Indonesia has experienced reduced rice production, forest fires and landfill fires as an impact of the long dry season caused by El Niño this year.
akarta and Tangerang in neighboring Banten ranked joint second as cities with the longest consecutive days experiencing extreme heat, also known as a heat streak, with a total of 17 days of extreme temperatures from Oct. 7 to 24, a study by think tank Climate Central finds.
In its latest study, the agency analyzed 14 cities in Indonesia and found nine experienced heat streaks. Jakarta and Tangerang’s 17-day streak matched that of the United States city of New Orleans, which experienced a heat streak from July 30 to Aug. 15. Houston in Texas, the US, topped the list with 22 consecutive days from July 31 to Aug. 21.
Climate Central’s study examined how pollution affected countries and major cities worldwide from Nov. 2022 to Oct. 2023. It found that global temperatures rose by more than 1.3 degrees Celsius.
This situation affected 7.8 billion people, or 99 percent of the global human population, with only Iceland and Lesotho recording cooler-than-normal temperatures.

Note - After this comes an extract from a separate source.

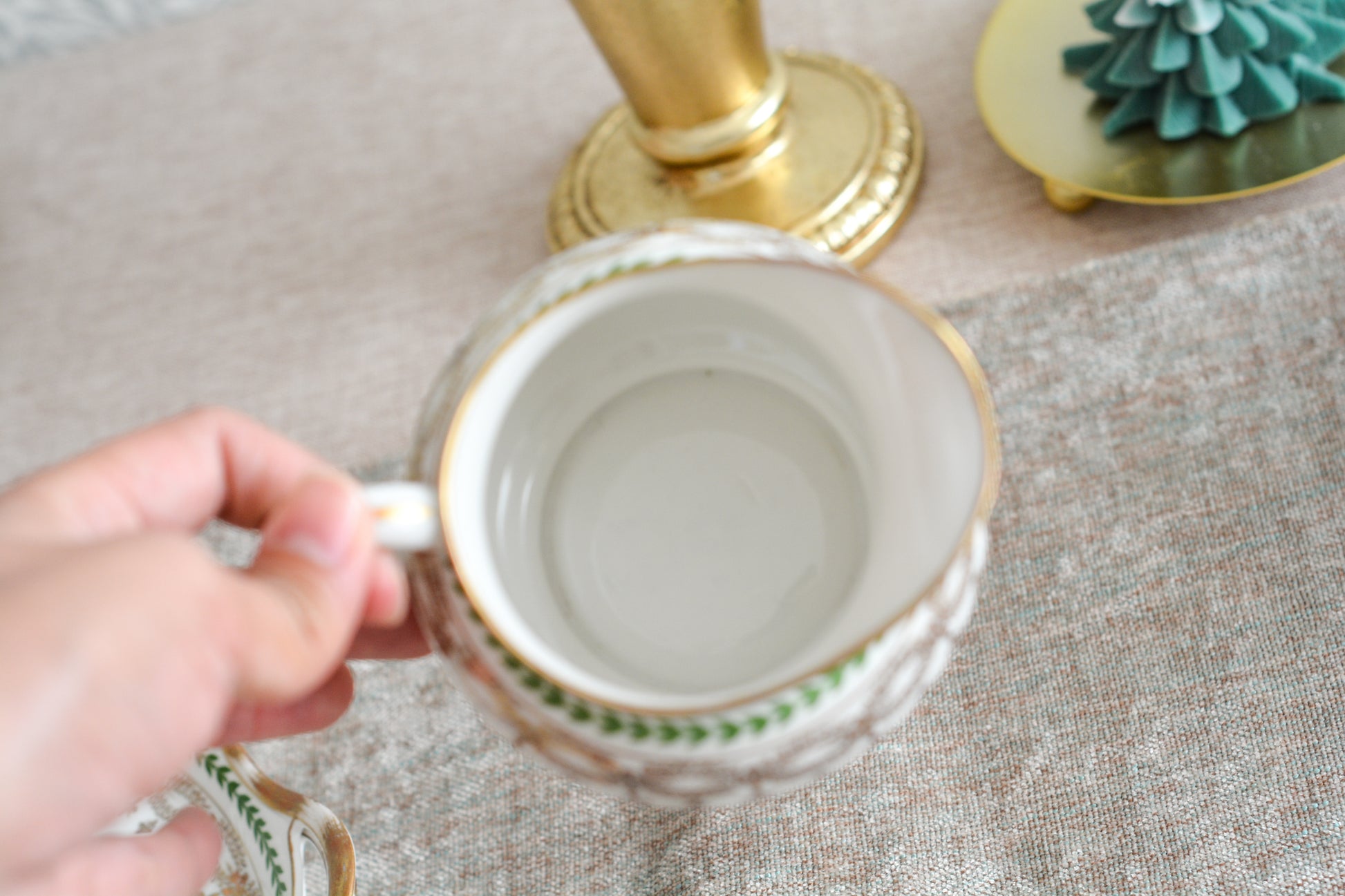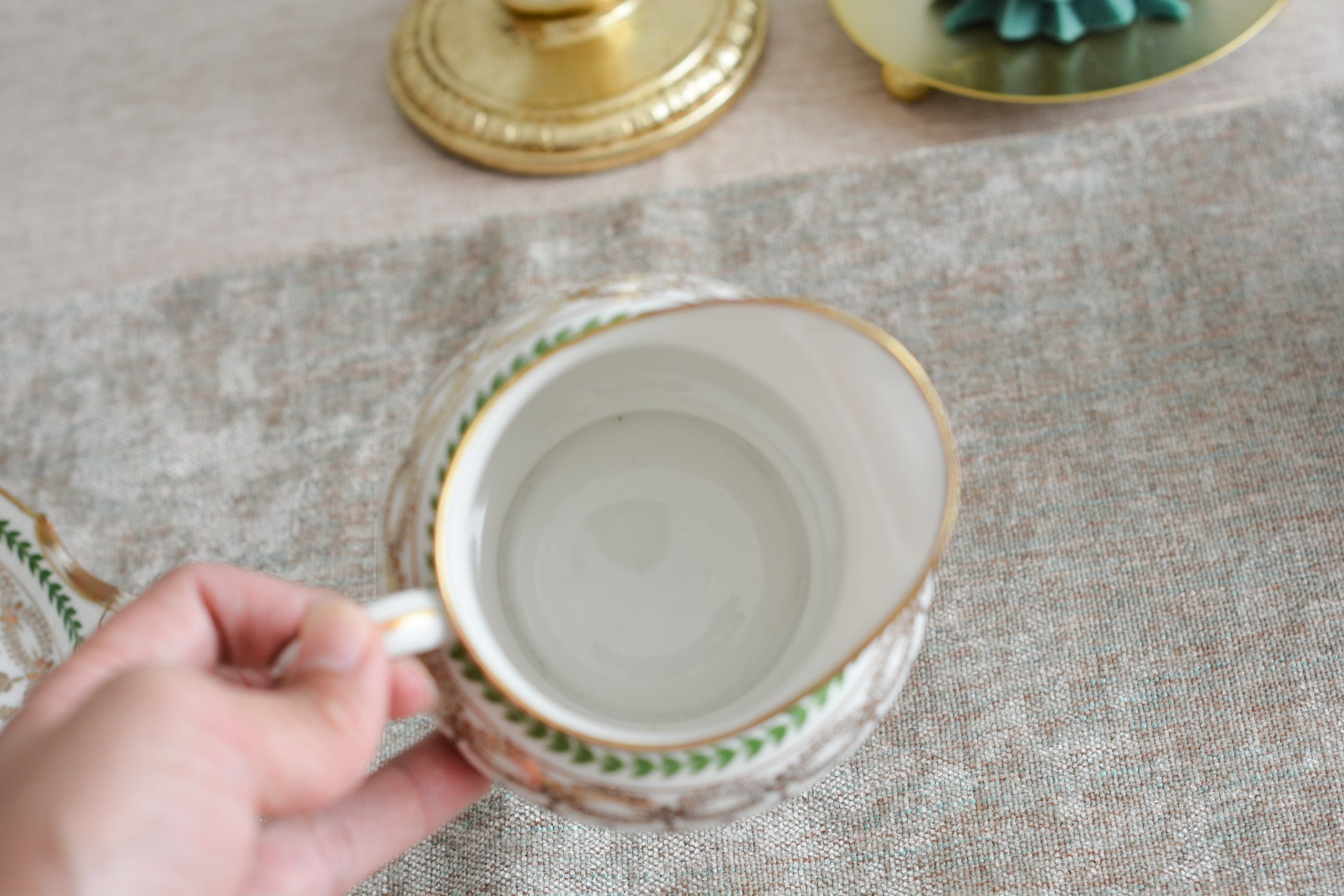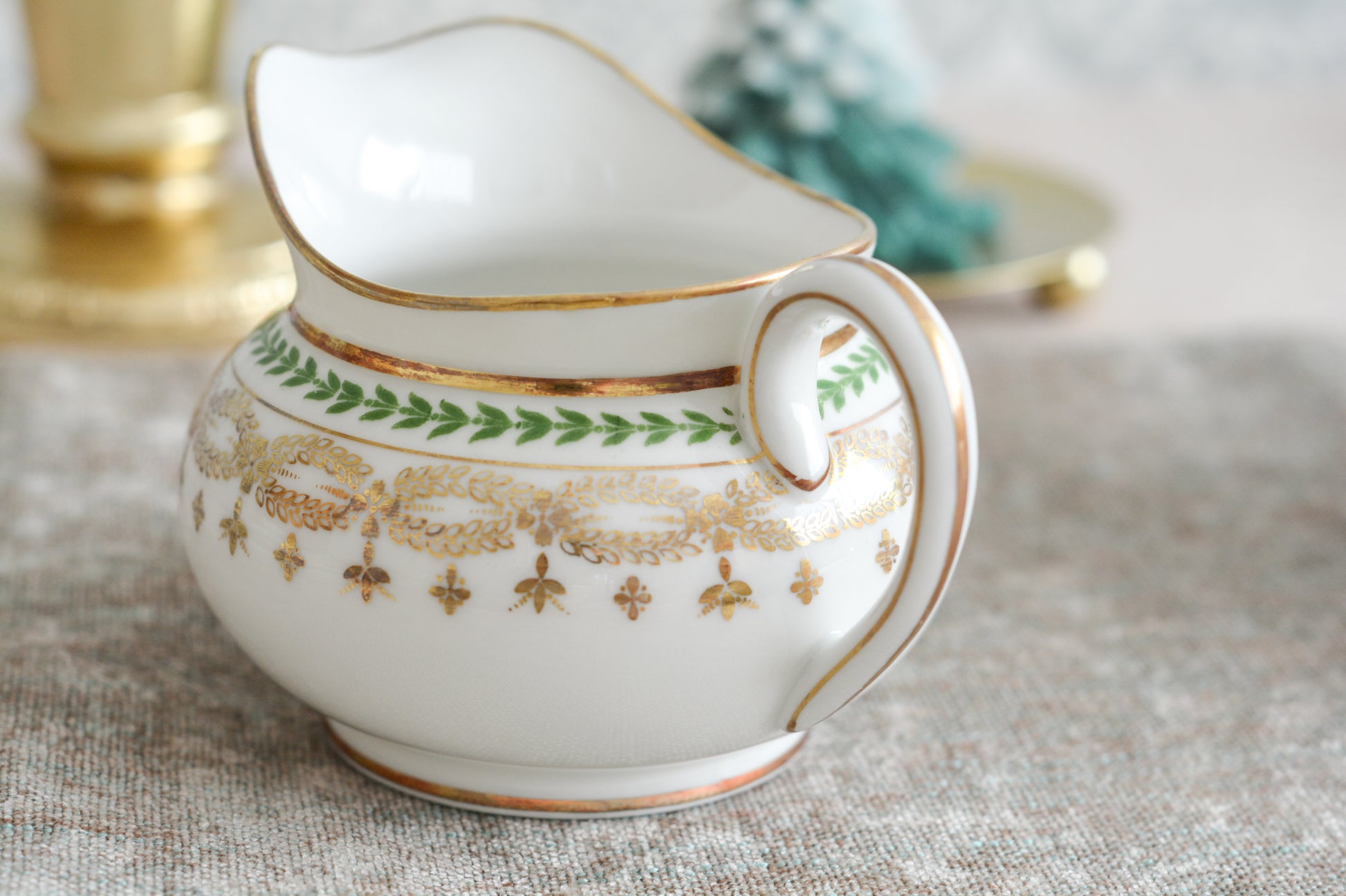 フランスのリモージュ、ジャン・プーヤ工房のティートリオです。デザインはシンプルですが、上品でクリスマスのティータイムやテーブルコーディネートにぴったりなお品。ぜひクリスマスのティータイムなどにお楽しみいただきたいです。小さなお花を入れても素敵です。

“This record 12 months is exactly what we would expect from a global climate fueled by carbon pollution,” said Andrew Pershing, vice president of science at Climate Central.
“Records will continue to be set next year, especially as an intensifying El Niño kicks in and exposes billions to the impacts of unusual heat. While climate impacts are most severe in equatorial developing countries, witnessing extreme heat waves triggered by climate change in the US, India, Japan and Europe underscores that no one is safe from climate change.”
Indonesia has experienced droughts and crop failures as a result of an extended dry season that began earlier this year. The Meteorology, Climatology and Geophysics Agency (BMKG) recorded two regencies in East Nusa Tenggara, East Sumba and Rote Ndao, that have experienced 176 days without rain.